Edited by Dr. Giovanni Chetta
Manual skills and mechanisms of action of classic massage
Each manual action always produces physiological changes through two types of action (present in different proportions based on the manual ability):
- direct or mechanical action: physical stimulus produced directly on tissues and organs
- indirect or neuroreflex action: stimulation of the nerve receptors of the skin, connective tissue, muscles, tendons, ligaments and joint capsule, which transmit the stimulus to the CNS, which responds by causing physiological changes of the reflex type even on organs far from the direct stimulation point.
- Superficial touch. It is performed with the hand or both hands sliding on the skin, with the long fingers together and the thumb abducted; the pressure exerted is equivalent to that of a caress. It serves to distribute the lubricant and is the reassuring first contact. Highlights cutaneous-vascular anomalies and restricted areas.
- Touch supported: it is carried out as the superficial brushing but with a much greater pressure. If slow, it has a myorelaxing and psycho-relaxing effect (neuroreflex action on the vegetative nervous system), drainage, peeling (elimination of dead cells of the stratum corneum), while if performed quickly it causes hyperemia with an increase in local temperature, muscle tone and level of attention (increased brain rhythms).

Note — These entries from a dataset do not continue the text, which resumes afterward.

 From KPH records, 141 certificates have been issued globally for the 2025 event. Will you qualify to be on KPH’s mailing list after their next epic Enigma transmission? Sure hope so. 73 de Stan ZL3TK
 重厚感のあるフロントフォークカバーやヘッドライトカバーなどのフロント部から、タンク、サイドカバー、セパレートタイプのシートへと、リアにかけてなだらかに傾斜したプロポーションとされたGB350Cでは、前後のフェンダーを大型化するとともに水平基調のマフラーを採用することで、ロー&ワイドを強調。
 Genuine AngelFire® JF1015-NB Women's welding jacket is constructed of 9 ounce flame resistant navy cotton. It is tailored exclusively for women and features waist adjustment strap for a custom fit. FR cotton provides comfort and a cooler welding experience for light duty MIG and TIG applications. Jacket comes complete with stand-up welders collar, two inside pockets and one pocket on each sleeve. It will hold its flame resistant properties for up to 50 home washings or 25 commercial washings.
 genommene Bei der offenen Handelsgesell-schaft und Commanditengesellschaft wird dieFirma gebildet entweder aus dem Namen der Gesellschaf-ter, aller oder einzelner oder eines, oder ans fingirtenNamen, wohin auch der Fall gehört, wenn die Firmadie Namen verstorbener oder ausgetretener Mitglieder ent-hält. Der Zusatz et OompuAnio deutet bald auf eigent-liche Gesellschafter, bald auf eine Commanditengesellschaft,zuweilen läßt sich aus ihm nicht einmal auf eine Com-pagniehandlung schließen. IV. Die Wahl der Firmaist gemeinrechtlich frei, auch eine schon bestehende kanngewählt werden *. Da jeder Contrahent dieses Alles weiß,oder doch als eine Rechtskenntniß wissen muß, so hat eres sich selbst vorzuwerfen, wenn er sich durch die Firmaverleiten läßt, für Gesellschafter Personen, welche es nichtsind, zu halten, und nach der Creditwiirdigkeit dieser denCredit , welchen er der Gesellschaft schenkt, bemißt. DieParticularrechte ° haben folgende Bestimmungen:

- Clutch. It is performed with the hand, with the long fingers together and the adducted thumb or with the fingers only (depending on the areas to be treated), by making rotations, without slipping, on the skin, so that the subcutis slides on the underlying tissues. Its effect is the reabsorption of interstitial fluids (eliminates edema, hematomas and catabolites) and the resolution of adherent layers (for exogenous or endogenous traumas such as muscle tears).

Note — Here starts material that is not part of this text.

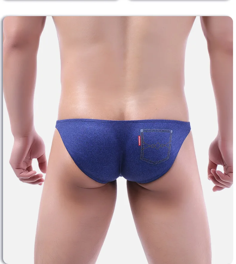 Трусы мужские в ковбойском стиле, пикантное нижнее белье для геев, джинсы с принтом, трусы-плавки, с U-образным карманом, мужские с заниженной талией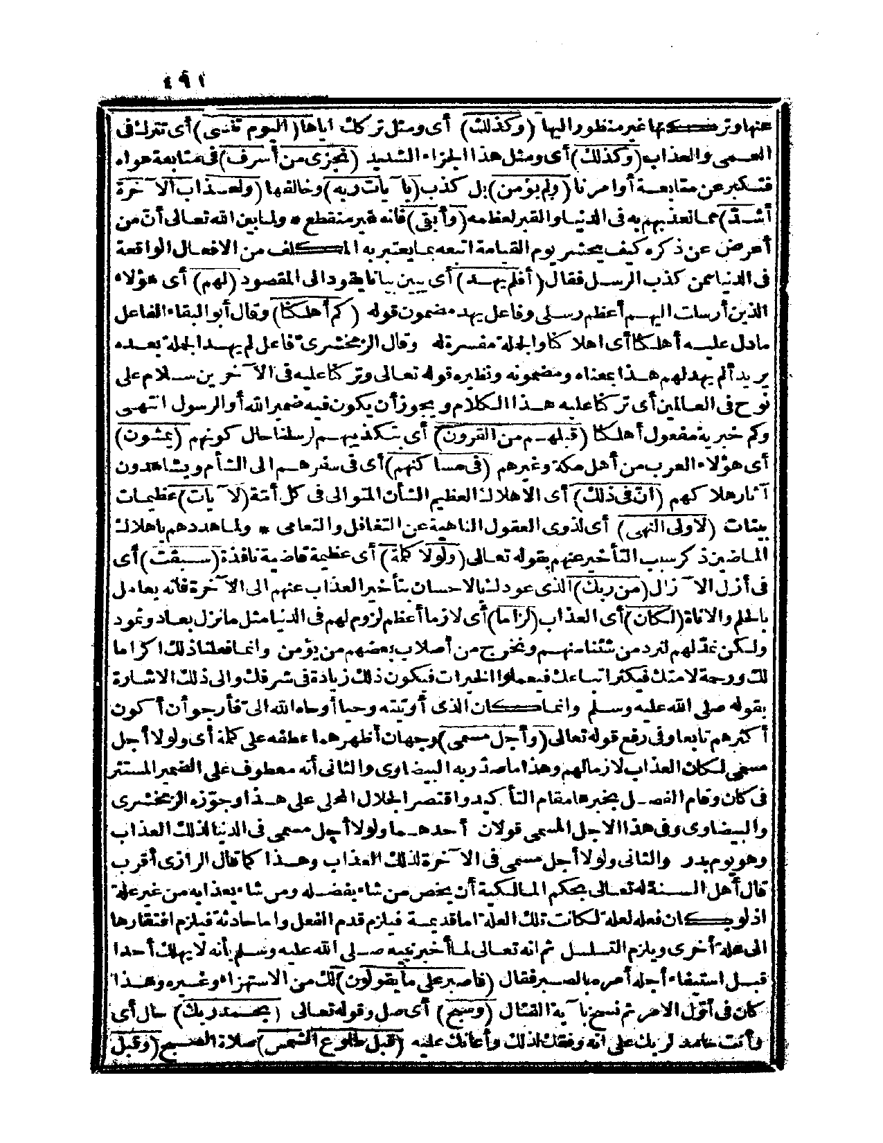 {ولولا كلمة} أي: عظيمة قاضية نافذة {سبقت} أي: في أزل الآزال {من ربك} الذي عودك بالإحسان بتأخير العذاب عنهم إلى الآخرة فإنه يعامل بالحلم والأناة {لكان} أي: العذاب {لزاماً} أي: لازماً أعظم لزوم لهم في الدنيا مثل ما نزل بعاد وثمود، ولكن نمدُّ لهم لنرد من شئنا منهم، ونخرج من أصلاب بعضهم من يؤمن، وإنما فعلنا ذلك إكراماً لك ورحمة لأمتك، فيكثر أتباعك، فيعملوا الخيرات، فيكون ذلك زيادة في شرفك، وإلى ذلك الإشارة بقوله صلى الله عليه وسلم «وإنما كان الذي أوتيته وحياً أوحاه الله إليَّ، فأرجو أن أكون أكثرهم تابعاً» ، وفي رفع قوله تعالى {وأجل مسمى} وجهان؛ أظهرهما: عطفه على كلمة أي، ولولا أجل مسمى لكان العذاب لازماً لهم، وهذا ما صدَّر به البيضاوي، والثاني: أنه معطوف على الضمير المستتر في كان، وقام الفصل بخبرها مقام التأكيد، واقتصر الجلال المحلي على هذا، وجوَّزه الزمخشري والبيضاوي، وفي هذا الأجل المسمى قولان؛ أحدهما: ولولا أجل مسمى في الدنيا لذلك العذاب، وهو يوم بدر، والثاني: ولولا أجل مسمى في الآخرة لذلك العذاب، وهذا كما قال الرازي أقرب قال أهل السنة تعالى بحكم المالكية أن يخص من شاء بفضله، ومن شاء بعذابه من غير علة إذ لو كان فعله لعلة لكانت تلك العلة إما قديمة، فيلزم قدم الفعل، وإما حادثة، فيلزم افتقارها إلى علة أخرى، ويلزم التسلسل، ثم إنه تعالى لما أخبر نبيه صلى الله عليه وسلم بأنه لا يهلك أحداً قبل استيفاء أجله أمره بالصبر، فقال:

- Kneading or squeezing. A compression of the muscle is performed through: pressure of the hand and counter-pressure of the underlying bone, pressure of one hand and counter-pressure of the other, pressure of the thumb and counter-pressure of the long fingers of the same hand or of the other hand . If performed in deep mode it has the effect of decreasing muscle tone and, by neuroreflex action, of brain activities, with antispasmotic effects and improvement of circulation (important analgesic effect in cases of rheumatic or fatigue contractures) and relaxing. performed in surface mode (pincè roulè, palpé roulè) acts as a hyperemizer and resolves cases of superficial adherent layers.
- Shaking. It is performed with a hand that grasps the muscle belly, between thumb and long fingers together, and makes a transverse movement with respect to the underlying bone segment, of the "come and go" type. It has a draining effect and, if mild, relaxing or invigorating, and "awakening" if energetic.
- Rolling. It is performed with both hands, with the long hyperextended fingers and the adducted thumb, which grasp the muscle and give it "come and go" twists around the bone axis. The effects are the same as those of the shaking but more pronounced. a "fibrolytic action on muscle micro-scars and various adhesions.
- Cup beating. It is performed with the hands, with the semi-flexed fingers and the adducted thumb (as in the act of drinking from a fountain), which alternately strike the muscle so as to have, as effects, an increase in arterial circulation (hyperemia), in muscle tone and the level of attention (manual skills useful for example as a preparation just before a sporting gesture).
- Ulnar and fist percussion. It is performed with the hands, with slightly semi-flexed fingers, for ulnar percussion, or flexed, for fist percussion, which strike the muscle alternately with, respectively, the ulnar area of the fifth finger or the fifth metacarpal. The effects are the same as the cup beats, with a greater mechanical effect on the lax subcutaneous connective tissues, due to the vibratory effect.
- Vibration. It is performed with the fingertips that deeply impress a "vibratory wave, with a high → low or tangential direction with respect to the skin. In the first case (high → low direction), the effects are: increase in muscle tone and peristalsis, if performed at the level of the intestine. In the second case (tangential direction to the skin), there is instead a normalization of the density of the fundamental substance of the subcutaneous lax connective tissues.
- Pinching. It is carried out using the first fingers with the hands which, alternating rhythmically, lift a skin fold. The effect is a "hyperemia and an increase in local sensitivity (by vasomotor neuroreflex action), useful in the treatment of hypoesthesia (lowering of sensitivity due to trauma to the peripheral nervous system).
Deep manual pressures, performed statically or with slow movements, in addition to favoring the "gel to sol" transformation of the fundamental substance of the connective tissue (thanks to its thixotropic properties), stimulate Ruffini's mechanoreceptors (especially for tangential forces such as stretching lateral) and a part of the interstitials (described later in the paragraph "Fascial mechanoreceptors") inducing an increase in vagal activity with the related effects on autonomic activities including a global relaxation of all muscles as well as mental (van den Berg & Cabri, 1999) The opposite result is obtained through rapid and energetic manual skills (manipulations, vibrations, pinching, tapping, etc.) which stimulate the corpuscles of Pacini and the Paciniforms (Eble 1960).